A Little Rock, Ark., minister spoke at a rally on the steps of the state capitol on Friday and declared that the country was strong because it values the traditional family, with an opposite-sex couple at its core. The rally, at which the Reverend Charles E. Williams spoke, was sponsored by the Coalition for Family and American Values, which supports a proposed amendment to the state constitution that would ban same-sex marriages.
About 150 people showed up to support the proposed amendment, and many of them signed petitions to get the proposal on the November 2 general election ballot. The rally had all the trappings of a religious revival--including fiery preaching, enthusiastic responses called out from the crowd, and, at the end, an invitation to come to Christ. Williams, pastor of the Covenant of Zion Cathedral Church of Little Rock, said marriage between people of the opposite sex was ordained by God. He told the audience, mostly black, that same-sex marriage was not a matter of civil rights. He was dismayed, he said, to hear Coretta Scott King, widow of slain civil rights leader Martin Luther King Jr., claim recently that same-sex
marriage was a civil rights concern.
King's husband, Williams said, "must have turned over in his grave" as his widow said those words. Williams said civil rights concern who and what a person is, things that person has no choice over. But he said homosexuality is a matter of choice, a lifestyle that some people choose to live. "We can't help our color," he said. "But you can do something about your lifestyle."

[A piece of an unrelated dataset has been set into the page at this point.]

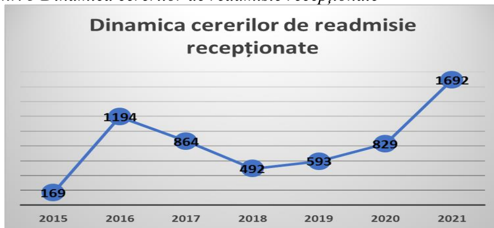
Figura nr. 3 Dinamica cererilor de readmisie recepționate

Negocierea și realizarea Acordurilor de Readmisie a majorat enorm volumul de lucru al angajaților Direcției, deoarece lipsește unitatea specializată în acest domeniu ( figura numărul 3 ).

Other speakers included Perry Oliver of North Little Rock, who said he was an "ex-homosexual" but was now happily married to a woman he called up to the lectern to stand by his side. "If you don't believe you can change, God is my witness," Oliver said. "It is a struggle...but if you want to change, you can change."
Among the spectators was Robert Loyd, 54, of Conway, who took part in a ceremony on the capitol steps on February 29 marking his commitment to his longtime partner, John Schenk. Loyd said he attended the rally--and came in the Army uniform he wore 35 years ago--to make a statement and to hear what the other side had to say. "I fought a very long time ago, in Vietnam in 1968 and 1969, for the values they're trying to take away from us now," Loyd said.